Racing up to me from behind, a woman I have known for years taps me on the shoulder as I walk down the aisle with my mother to our regular seats in shul. It is the year 2000. I am dressed in the finest I can afford on my own—dress shirt, slacks, a tie.

"Excuse me, excuse me sir, you have to put this on"—rushing to make sure that my head is covered as people continue davening the Shabbat morning service. My desire for a kipah rushes through me along with emotions from years of searching and changing and body and sex and longing. Yet, I still do not know how to make sense of the clashes of identities, politics, family, self, empowerment, and self-determination within the halls of Hashem.

My mother simply looks on.

I wish I could simply put on a kipah, along with a tallis, and shroud myself in the peace of mind of a Jewish masculinity such as I have wanted ever since my early years on the bimah—a masculinity that makes sense to me today only within my specific ethnic communities of queer Jewish men, of faygeles and edelkayt. Yet I was raised in a family whose traditional patriarchal model left little room for deviance in synagogue life. I grew up in a Conservative urban shul in Bridgeport, Connecticut, where gender roles and sexuality were rigidly upheld in heterosexist fashion. Where Jewish women were not counted as a part of a minyan, did not wear tallitot or kipot, and where, besides myself, there were—and still are—no visibly queer people.

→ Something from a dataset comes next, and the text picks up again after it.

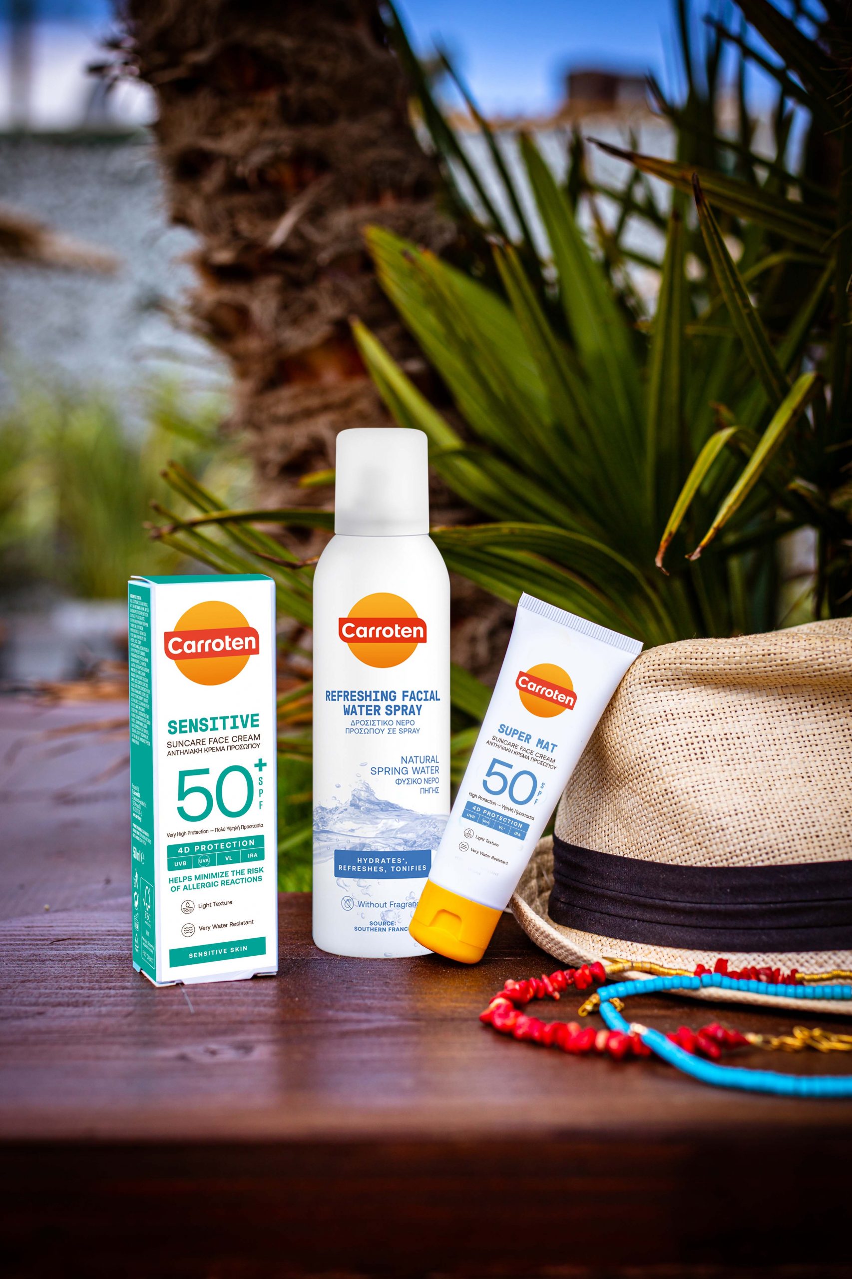 Για την εξειδικευμένη αντηλιακή προστασία προσώπου, το Carroten παρουσιάζει μια ολοκληρωμένη σειρά προϊόντων -δερματολογικά & οφθαλμολογικά ελεγμένα- με υψηλής ποιότητας συστατικά, προηγμένη τεχνολογία, ανάλαφρη σύνθεση και άμεση απορρόφηση για λαμπερή και υγιή επιδερμίδα. Τα αντηλιακά προσώπου Carroten, εκτός της μέγιστης 4D προστασίας από την επιβλαβή και υπέρυθρη ακτινοβολία, εμπεριέχουν υαλουρονικό οξύ, το οποίο προσφέρει βαθιά ενυδάτωση και βιταμίνη Ε που συμβάλλει στην πρόληψη της γήρανσης της επιδερμίδας, χάρη στην αντιοξειδωτική της δράση. Ανάλογα με τις ανάγκες της επιδερμίδας, μπορεί κανείς να επιλέξει την αντηλιακή κρέμα προσώπου Super Mat, κατάλληλη για κανονικές/ λιπαρές επιδερμίδες για όψη χωρίς γυαλάδα ή την CC για όλους τους τύπους επιδερμίδας, για έναν ομοιόμορφο χρωματικό τόνο. Για ευαίσθητες επιδερμίδες, το Carroten παρουσιάζει την αντηλιακή κρέμα Sensitive, η οποία μειώνει τον κίνδυνο των αλλεργικών αντιδράσεων ενώ για τις ώριμες επιδερμίδες την Anti Age-Anti Spot, με προηγμένη τεχνολογία Age Block που προλαμβάνει και μειώνει την εμφάνιση των λεπτών γραμμών, των ρυτίδων και των πανάδων που προκαλούνται από την έκθεση στον ήλιο.

There have been small changes since my childhood: A few women are now counted in the minyan because they have "proven" themselves by devoting extensive time to synagogue life. Some women wear tallitot and kipot.

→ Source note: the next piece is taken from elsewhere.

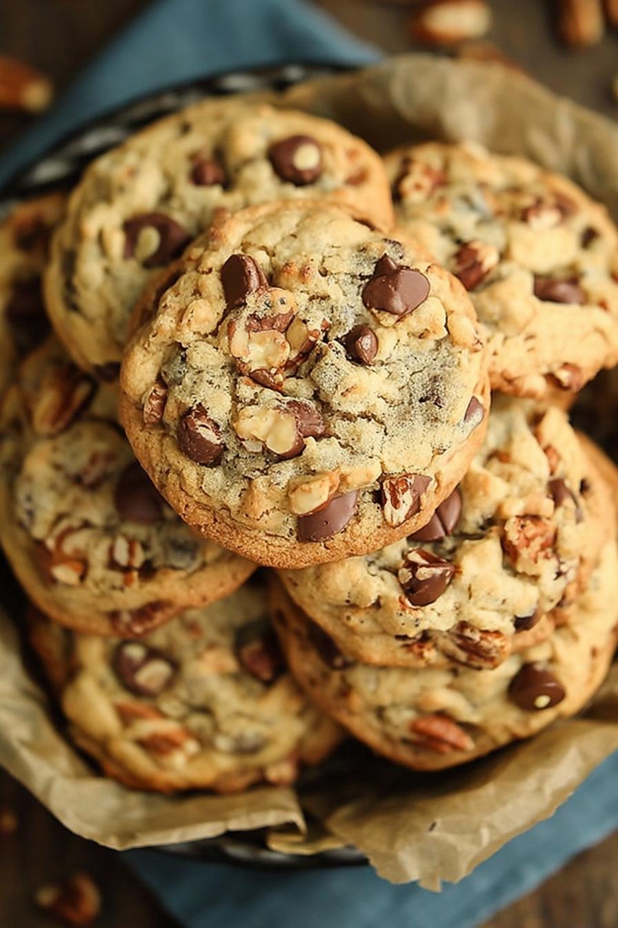 That crackling hit when chopping pecans—good sign. Warm nutty scent fills kitchen early. Butter must be soft not melting, helps sugars trap air; fluffier cookie. Brown sugar for moisture, granulated for snap. Eggs bind but keep too much air out. Flour needs sifting to avoid lumps, salt wakes up flavor, baking soda lifts gently. Watch dough texture, too loose = flat slabs. Chocolate chips melt slowly, offering gooey pockets. Nuts add crunch, toast them first to crack out oils, amplify aroma. Chill dough to firm fat, slows spread for thicker bites. Baking—edges gold, centers intact but soft. Patience on the rack finishes the job—hot cookies break, cool cookies snap with a clean bite.

Unable to find common ground in my family, I have lived for years in shame and silence about being transgender. Having a wild tomboy of a girl child did not concern my family very much—the "problem" came when the change to a "proper feminine woman" did not transpire. Even though they now know I am not a woman, denial remains. And having chosen not to access (and been unable to afford) the medical options for altering my body, I live in a liminal world of constant invisibility.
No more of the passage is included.